**WHAT TO DO:** Please reproduce the listing below exactly, leaving out every picture.
::: COLLECTED MATERIAL :::
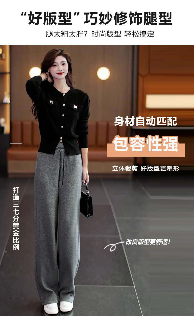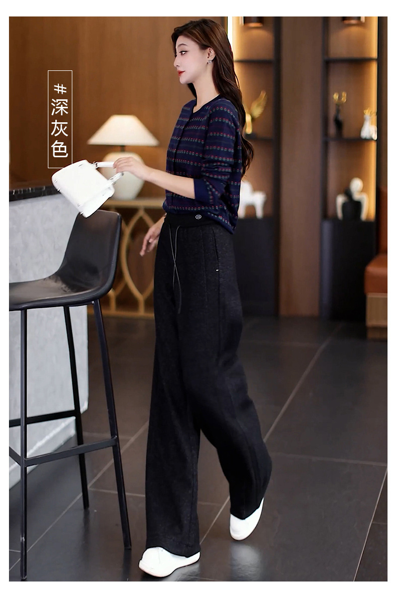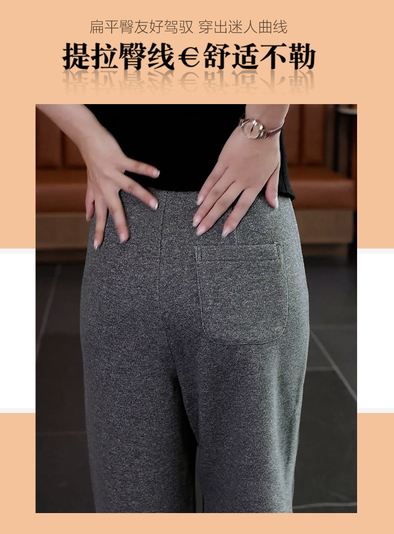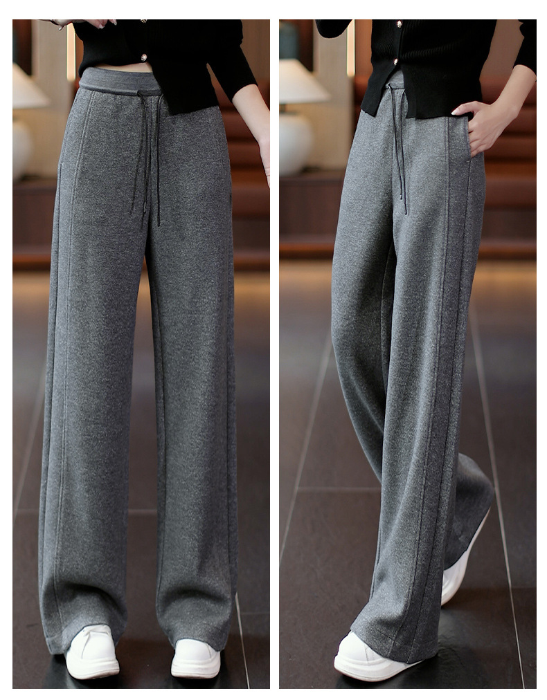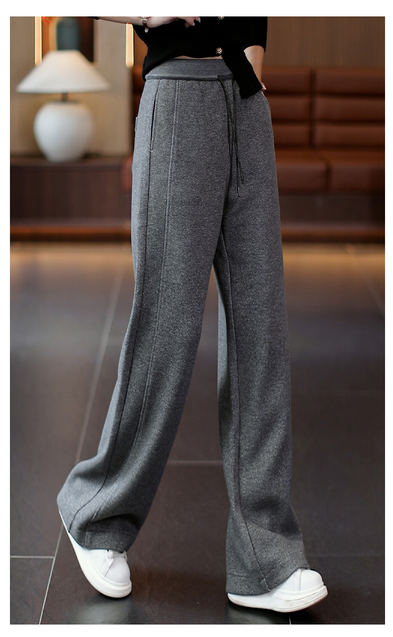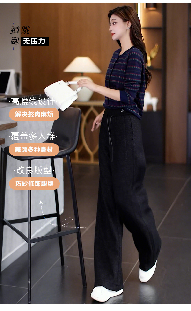 YM 2805羊毛阔腿裤高腰保暖舒适垂感休闲裤松紧腰直筒裤 商品图4
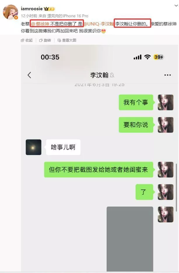 范丞丞一方的回应算是最硬气、最直接的。可爆料仍在继续,女方继续喊话了蔡徐坤,称自己删掉他不是自愿行为,而是李汶翰让她删掉的。
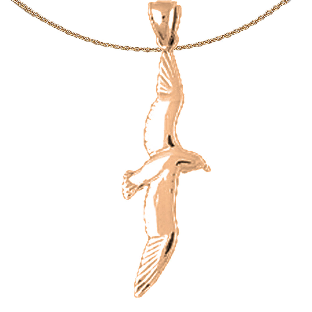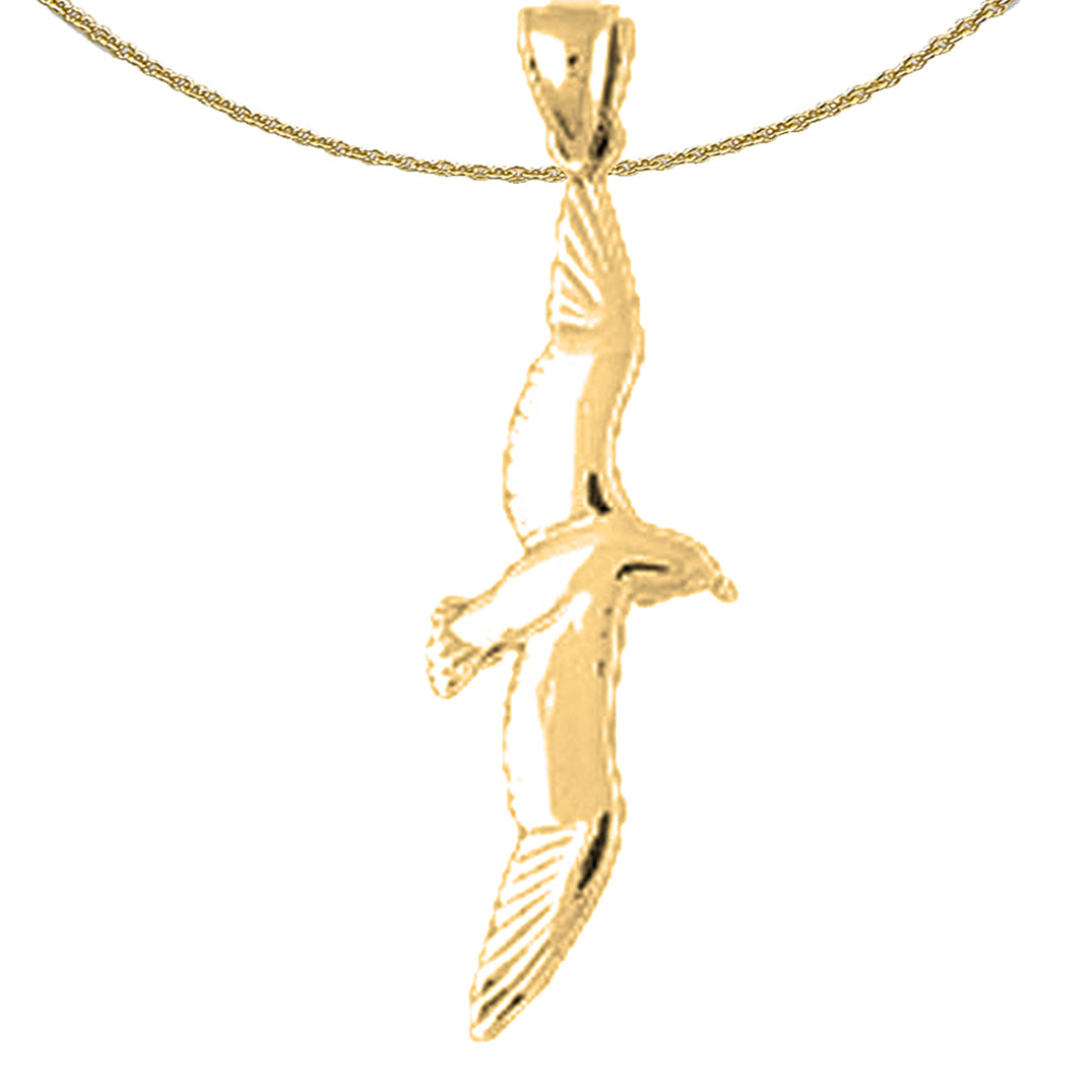 This gorgeous 10K, 14K or 18K gold bird pendant. This 10K, 14K or 18K gold pendant measures 54 mm in length by 16 mm in width. Measurement includes bale. JewelsObsession creates all gold jewelry in our state of the art manufacturing facility.
:::
**ANSWER FOR THE TASK:**
 YM 2805羊毛阔腿裤高腰保暖舒适垂感休闲裤松紧腰直筒裤 商品图4
 范丞丞一方的回应算是最硬气、最直接的。可爆料仍在继续,女方继续喊话了蔡徐坤,称自己删掉他不是自愿行为,而是李汶翰让她删掉的。
 This gorgeous 10K, 14K or 18K gold bird pendant. This 10K, 14K or 18K gold pendant measures 54 mm in length by 16 mm in width. Measurement includes bale. JewelsObsession creates all gold jewelry in our state of the art manufacturing facility.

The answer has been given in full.